**Dataset content:**
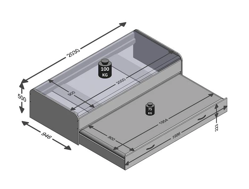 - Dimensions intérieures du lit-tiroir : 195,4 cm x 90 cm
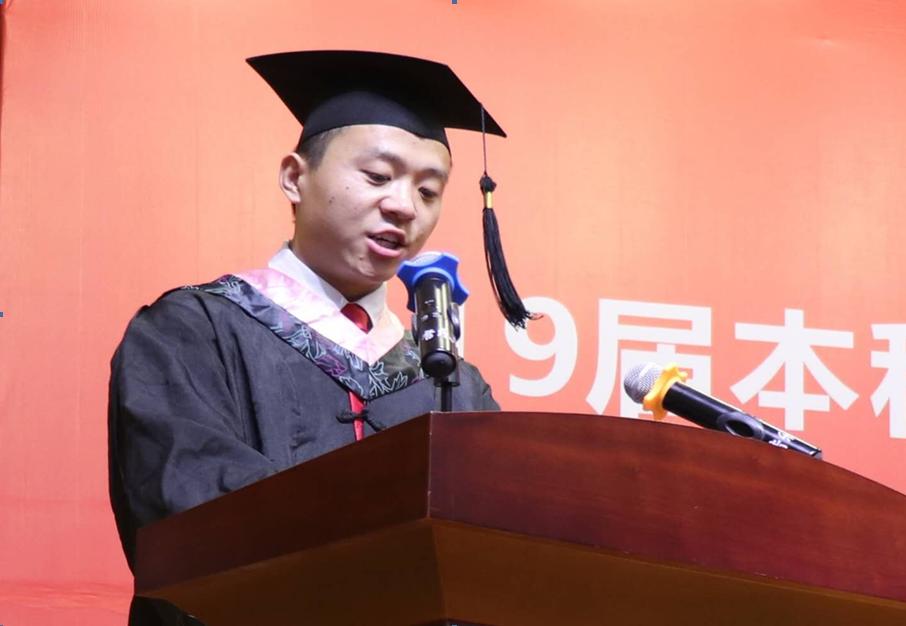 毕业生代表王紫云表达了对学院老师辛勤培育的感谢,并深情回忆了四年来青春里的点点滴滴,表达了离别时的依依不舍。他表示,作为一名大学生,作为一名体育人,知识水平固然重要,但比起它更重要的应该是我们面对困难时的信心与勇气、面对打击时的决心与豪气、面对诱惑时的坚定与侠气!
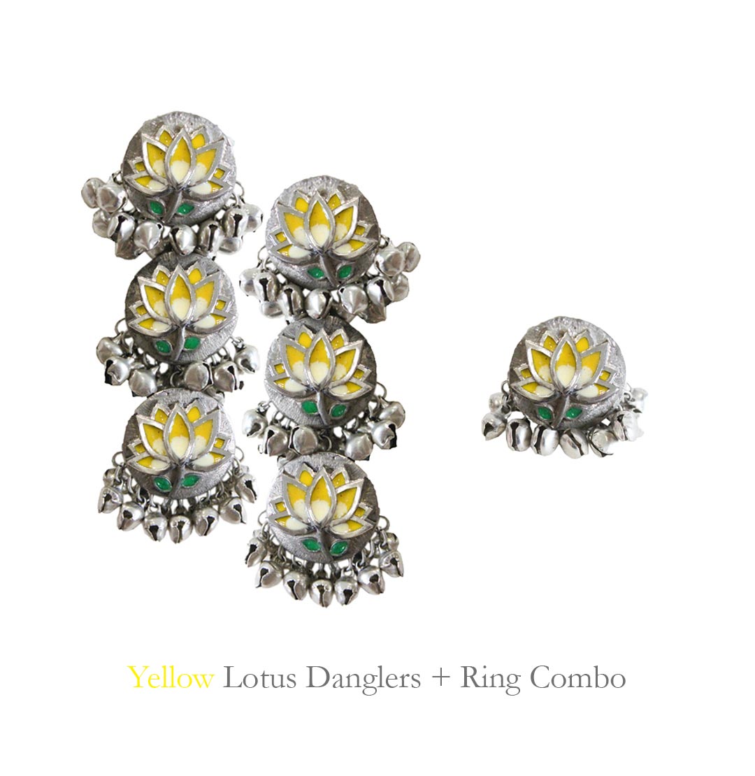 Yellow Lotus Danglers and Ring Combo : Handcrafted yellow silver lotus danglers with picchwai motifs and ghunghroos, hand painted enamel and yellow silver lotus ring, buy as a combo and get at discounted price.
* * *
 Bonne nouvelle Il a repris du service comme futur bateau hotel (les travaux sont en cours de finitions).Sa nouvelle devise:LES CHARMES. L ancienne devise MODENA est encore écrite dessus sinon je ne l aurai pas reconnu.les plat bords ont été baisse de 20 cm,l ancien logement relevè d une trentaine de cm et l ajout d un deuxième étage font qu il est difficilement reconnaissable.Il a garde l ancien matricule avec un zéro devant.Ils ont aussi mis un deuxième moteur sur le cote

**About this exercise:** Transcribe only this stretch of the data: the line with "- Dimensions intérieures", the line with "Yellow Lotus Danglers", and every line in between. Leave out the pictures.

**Answer box:**
 - Dimensions intérieures du lit-tiroir : 195,4 cm x 90 cm
 毕业生代表王紫云表达了对学院老师辛勤培育的感谢,并深情回忆了四年来青春里的点点滴滴,表达了离别时的依依不舍。他表示,作为一名大学生,作为一名体育人,知识水平固然重要,但比起它更重要的应该是我们面对困难时的信心与勇气、面对打击时的决心与豪气、面对诱惑时的坚定与侠气!
 Yellow Lotus Danglers and Ring Combo : Handcrafted yellow silver lotus danglers with picchwai motifs and ghunghroos, hand painted enamel and yellow silver lotus ring, buy as a combo and get at discounted price.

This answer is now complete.